As shown in FIG. 1, a first-stage DC amplifier circuit 16 using an operational amplifier, a noise cut circuit 1 using a low-pass filter
7. The signal voltage amplified by the first-stage DC amplifier circuit 16 can be constituted by a second-stage amplifier circuit 18 using an operational amplifier and a comparator 19. The binary signal is input to the two-stage amplifier circuit 18 and is extracted from the output terminal as binary information having the reference potential VREF as a threshold by the comparator 19, and the presence or absence of the detection target is determined based on the binary information.

[0015]

As is apparent from the above description, according to the present invention, a relatively small object can be detected with high accuracy.

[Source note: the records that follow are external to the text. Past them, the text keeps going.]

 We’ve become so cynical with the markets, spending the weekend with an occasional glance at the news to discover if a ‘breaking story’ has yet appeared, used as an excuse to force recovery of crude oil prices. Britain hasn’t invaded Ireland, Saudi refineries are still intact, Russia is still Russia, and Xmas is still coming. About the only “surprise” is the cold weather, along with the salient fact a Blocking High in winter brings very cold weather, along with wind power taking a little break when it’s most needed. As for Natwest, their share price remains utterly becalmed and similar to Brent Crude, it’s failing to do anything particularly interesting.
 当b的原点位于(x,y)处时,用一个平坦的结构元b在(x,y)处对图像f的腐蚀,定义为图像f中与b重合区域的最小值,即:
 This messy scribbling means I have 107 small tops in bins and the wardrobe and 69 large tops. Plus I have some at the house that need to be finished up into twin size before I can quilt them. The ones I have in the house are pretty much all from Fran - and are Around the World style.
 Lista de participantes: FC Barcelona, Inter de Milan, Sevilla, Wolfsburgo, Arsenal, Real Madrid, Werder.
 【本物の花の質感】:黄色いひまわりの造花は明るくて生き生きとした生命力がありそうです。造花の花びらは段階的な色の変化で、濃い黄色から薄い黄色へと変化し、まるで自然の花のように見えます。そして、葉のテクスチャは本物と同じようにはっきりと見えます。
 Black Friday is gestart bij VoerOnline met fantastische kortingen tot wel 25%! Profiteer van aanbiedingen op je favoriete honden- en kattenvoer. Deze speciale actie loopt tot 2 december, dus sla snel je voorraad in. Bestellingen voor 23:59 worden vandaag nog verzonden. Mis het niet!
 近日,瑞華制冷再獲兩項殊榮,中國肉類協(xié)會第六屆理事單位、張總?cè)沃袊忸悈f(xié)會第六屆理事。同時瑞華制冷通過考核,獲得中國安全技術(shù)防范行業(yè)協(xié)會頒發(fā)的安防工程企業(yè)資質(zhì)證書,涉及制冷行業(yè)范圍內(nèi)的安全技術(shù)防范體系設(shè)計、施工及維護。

[Brief description of the drawings]

FIGS. 1A and 1B are views showing the present invention, wherein FIG. 1A is a plan view showing the inside of a case with a cover removed, and FIG. 1B is a view taken along line 1B-1B of FIG. 1A with the cover attached. It is sectional drawing.

FIG. 2 is a circuit diagram of an output adjustment unit.

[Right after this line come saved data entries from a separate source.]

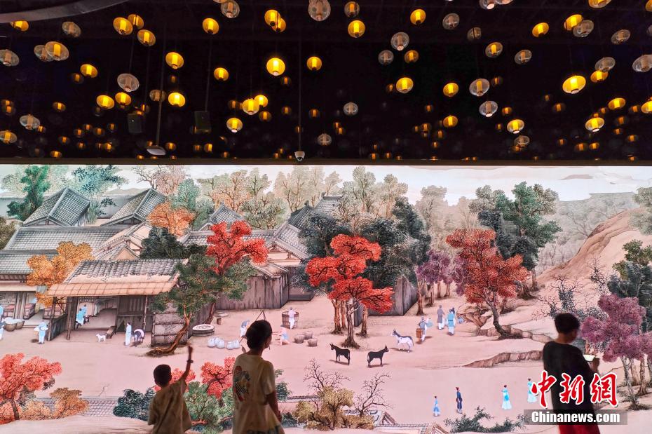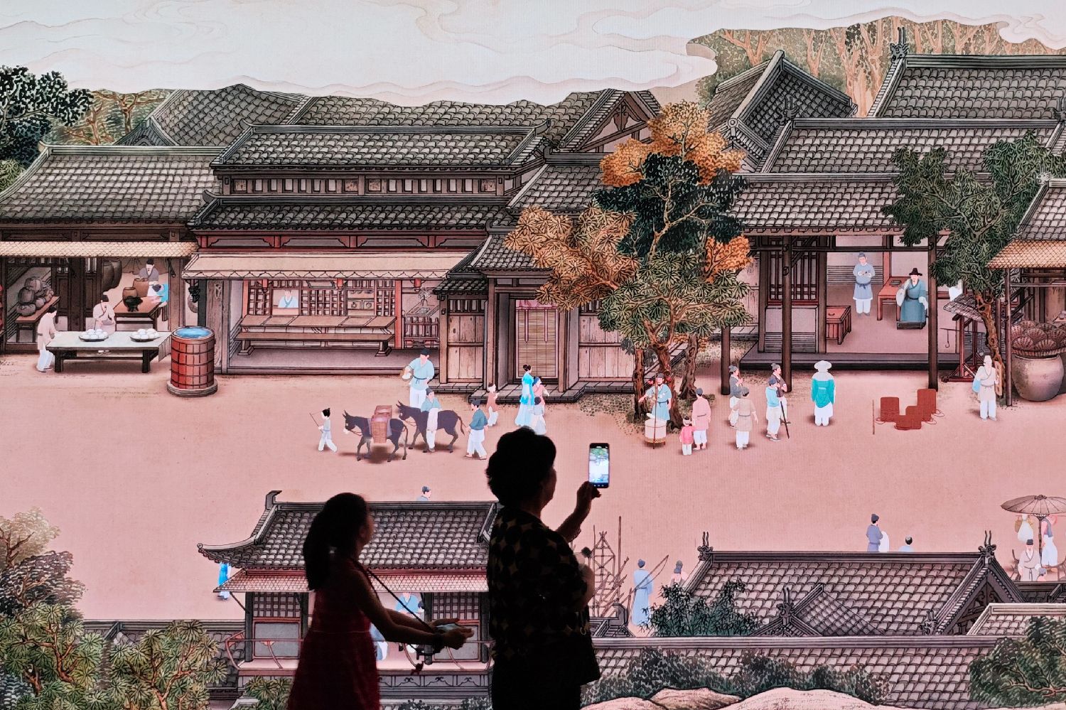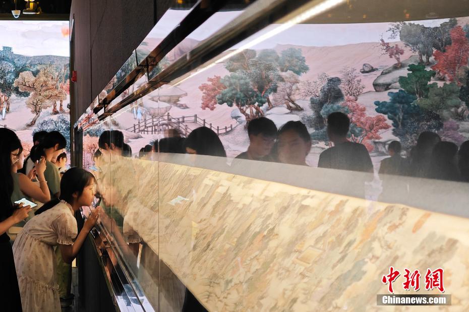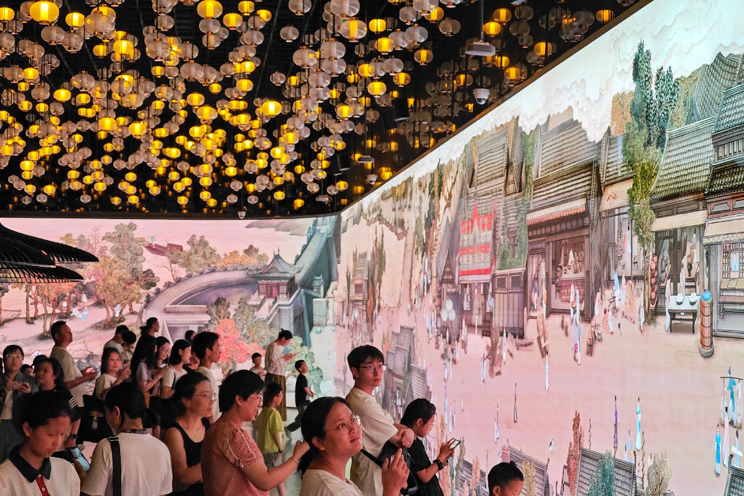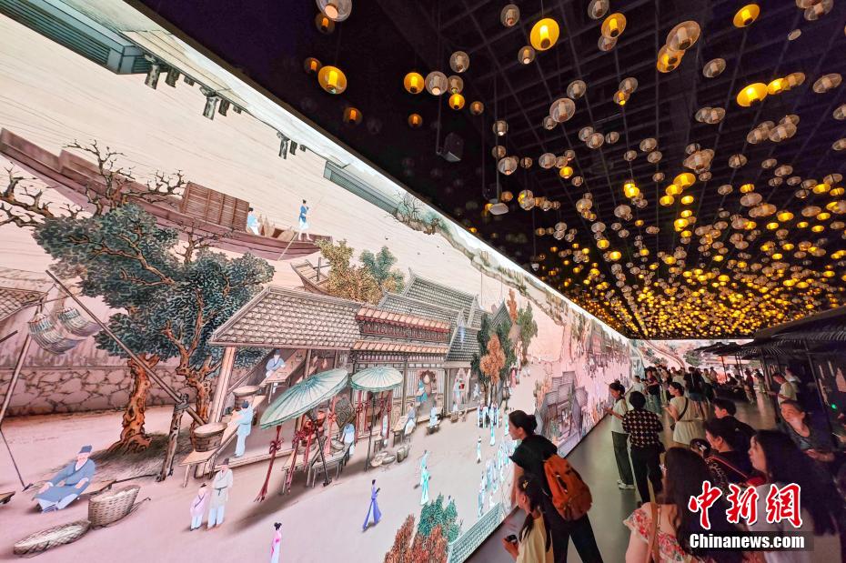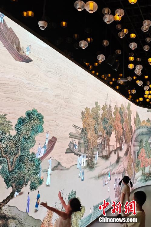 在江苏南京德基艺术博物馆举办的“金陵图数字艺术展”,将新锐科技引入清代画家冯宁所作的《仿杨大章画<宋院本金陵图>》中,在全长近110米的屏幕上生动呈现“人物入画,实时跟随”的互动观展模式。观众通过手机与数字展览互动,融入画面角色,在移步换景间仿佛置身于古代南京的街市,感受历史文化与民间风俗。图为8月19日,江苏南京,观众在德基艺术博物馆内欣赏“金陵图数字艺术展”。中新社
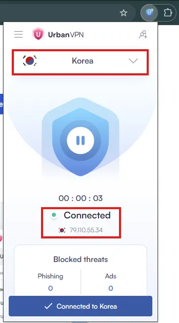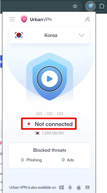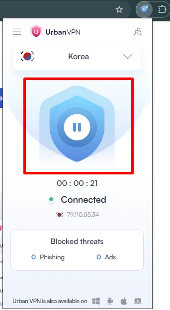 브라우저 상단에서 Urban VPN 아이콘을 다시 눌러주세요.
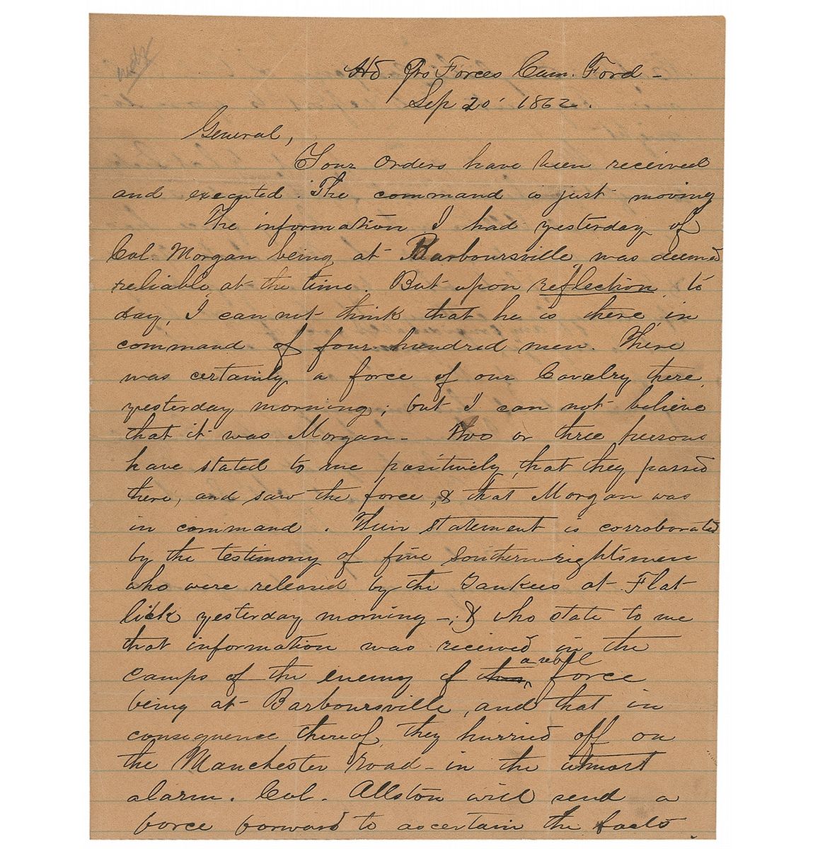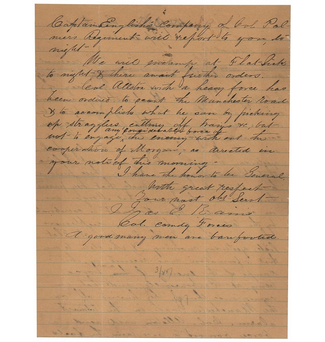 Confederate officer (1833–1862) who fought at Cumberland Gap and was killed in action while leading his brigade charge against Union artillery emplacements during the Battle of Stones River at Murfreesboro. Civil War–dated LS signed “Jas. E. Rains,” one page, lightly-lined both sides, 6.75 x 9, Hd. Qrs. Forces Cum[berland] Ford, September 20, 1862. Letter to a general. In full: "Your orders have been received and executed. The command is just moving. The information I had yesterday of Col. Morgan being at Barboursville was deemed reliable, at the time. But upon reflection, today, I cannot think that he is there in command of four hundred men. There was certainly a force of our cavalry there yesterday morning; but I cannot believe that it was Morgan. Two or three persons have stated to me positively, that they passed there, and saw the force, & that Morgan was in command. Their statement is corroborated by the testimony of five Southern rights men who were released by the Yankees at Flat Lick yesterday morning—; & who state to me that information was received in the camps of the enemy of a rebel force being at Barboursville, and that in consequence thereof they hurried off on the Manchester Road, in the utmost alarm. Col. Allston will send a force forward to ascertain the facts. Captain English’s company of Col. Palmer's regiment will report to you, tonight. We will encamp at Flat Lick tonight and there await further orders. Col. Allston with a heavy force has been ordered to scout the Manchester Road, & to accomplish what he can by picking up stragglers, cutting off trains &c, but not to engage any considerable force of the enemy with out the cooperation of Morgan, as directed in your note of this morning." Followed by a brief postscript, in full: "A good many men are barefooted." Professionally inlaid into a larger off-white sheet. In fine condition, with unobtrusive intersecting folds (one vertical fold passing through first letter of his last name), and overall toning. Earlier in 1861 and 1862, Rains had successfully defended the Cumberland Gap from numerous Union attacks; however, Union forces led by General George W. Morgan finally outflanked Rains and took the position in June 1862. Just three days before Rains wrote this letter, Confederate troops forced Morgan to begin retreating from the key location. Later that year, on December 31, 1862, Rains was shot through the heart and killed instantly. An extraordinarily rare letter, this is especially desirable as it dates to the time and place of Rains’s most valuable contributions during battle.

FIG. 3 is a diagram showing directivity characteristics of a light emitting element.

FIG. 4 is a diagram showing a conventional example.

[Explanation of symbols]

 DESCRIPTION OF SYMBOLS 1 Case 2 Light emitting element 3 Detected object 4 Light receiving element 5 Optical axis 6 Partition wall 7 Irradiation part 8 Light guide part 9 Large diameter part

Claims (5)

[Claims] 1. A reflection device for irradiating a detection object with light emitted from a light emitting element housed in a case and detecting light reflected from the detection object by a light receiving element in the case to detect the presence or absence of the detection object. A reflective photosensor, wherein a plurality of the light receiving elements are arranged around a light emitting element. 2. The reflection type photosensor according to claim 1, wherein said light emitting element has a directional characteristic as gentle as possible, and the optical axis is directed substantially vertically. 3. The reflection type photosensor according to claim 1, wherein a partition for preventing the light emitting element from directly irradiating the light receiving element is disposed between the light receiving element and the light emitting element. 4. A ceiling portion of the case includes an irradiating portion formed of a filter material that allows only light having a wavelength in the vicinity of a wavelength band of emitted light, and a partition and a light emitting element are provided on a back surface of the irradiating portion. 4. The reflection type photosensor according to claim 2, wherein a cylindrical light guide section surrounding the light emitting element from the side is formed integrally with the light guide element. 5. A reflection type photosensor according to claim 4, wherein a diameter-enlarging portion comprising a conical surface whose diameter gradually increases as the outer peripheral wall approaches the surface is provided at a boundary between said light guide portion and said irradiation portion.